Investigation into the breadth of outcome measurements reported in the literature (Sierla et al., 2018) and observation of therapists treating lymphoedema (Sierla et al., 2020b) revealed five commonly reported lymphoedema-specific assessment domains: (i) size, by volume or circumference; (ii) extracellular fluid volume, by bioimpedance spectroscopy (BIS); (iii) observed changes; (iv) palpated changes and (v) symptoms as reported by the patient. This study sought consensus on how clinician-reported domains are reported.
In addition to the lymphoedema-specific assessment domains reported in the literature, observation of lymphoedema therapists revealed additional domains frequently assessed during routine care (Sierla et al., 2020b). Examples of these additional domains include height, weight, cellulitis history and arm dominance. These additional domains may be relevant because they (i) contribute to the risk analysis related to lymphoedema development and progression such as surgical history, or number of episodes of cellulitis; or (ii) contribute to data analysis, such as the relationship between arm dominance or body mass index (BMI) and circumference measurement differences.
A strategy to shift the field towards a more standardised approach is to seek consensus on a uniform dataset to capture and report change in upper limb lymphoedema and collect this dataset within routine care. Digital transformation provides a window to attain more uniformity in practice by guiding workflow and prescribing what and how data are entered (EXPH, 2019; Laka et al., 2022). Unfortunately, electronic medical record systems and clinic management systems have not resolved some of the specific challenges for the field of lymphoedema, particularly the collection and analysis of circumference measurements.
Circumference measurements are the most commonly used outcome measure by therapists and those researching lymphoedema (Sierla et al., 2018, 2020b). The current practice of collecting and analysing circumference data using a paper record with mental arithmetic to investigate interlimb difference is time consuming, prone to error, and encourages data comparison between current and the most recent appointment, rather than over time (Sierla et al., 2020a, 2020b).Transferring the storage of circumference measures from paper to a digital system can enhance the utility of the raw circumference data through data processing and display.
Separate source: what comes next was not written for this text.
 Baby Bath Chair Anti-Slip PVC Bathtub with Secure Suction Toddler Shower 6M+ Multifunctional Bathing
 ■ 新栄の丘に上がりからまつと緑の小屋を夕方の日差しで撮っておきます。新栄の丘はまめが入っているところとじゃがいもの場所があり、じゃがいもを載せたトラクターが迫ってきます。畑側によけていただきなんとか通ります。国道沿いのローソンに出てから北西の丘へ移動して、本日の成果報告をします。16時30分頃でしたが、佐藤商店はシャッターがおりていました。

For example, interlimb difference can be calculated and auto-populated, a mathematical conversion to volume or interlimb ratio can be automated, or the interlimb ratio could be graphed. It is expected these efficiencies and the value imparted by data visualisation would incentivise uptake of the system as a whole.
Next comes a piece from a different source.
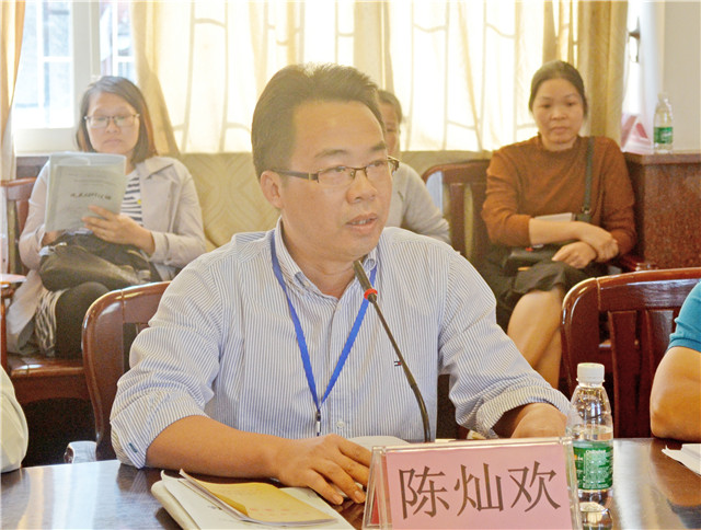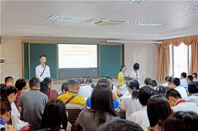 活动的第二部分是课题成果展示与交流会,由分管初中教学教研工作的黄振克主持。会上,更开中学校长陈灿欢连用三个“激动”肯定“微课式导学案教学”,热切期待微课教学助力学科教学质量提升,同时表示将以本次课题成果展示活动为契机,在全校掀起课题研究新热潮。

Finally, data quality is an important consideration with an agreed uniform approach and common language contributing to the completeness, comprehensiveness and consistency of the dataset. A uniform approach to data collection at point of care is particularly helpful when a patient moves between therapists, and for the potential to leverage data collection at the point of care for service evaluation and research (Ehsani-Moghaddam et al., 2021; Kilkenny and Robinson, 2018). However, a uniform approach requires consensus on how change is measured and reported. This investigation was to attain this consensus.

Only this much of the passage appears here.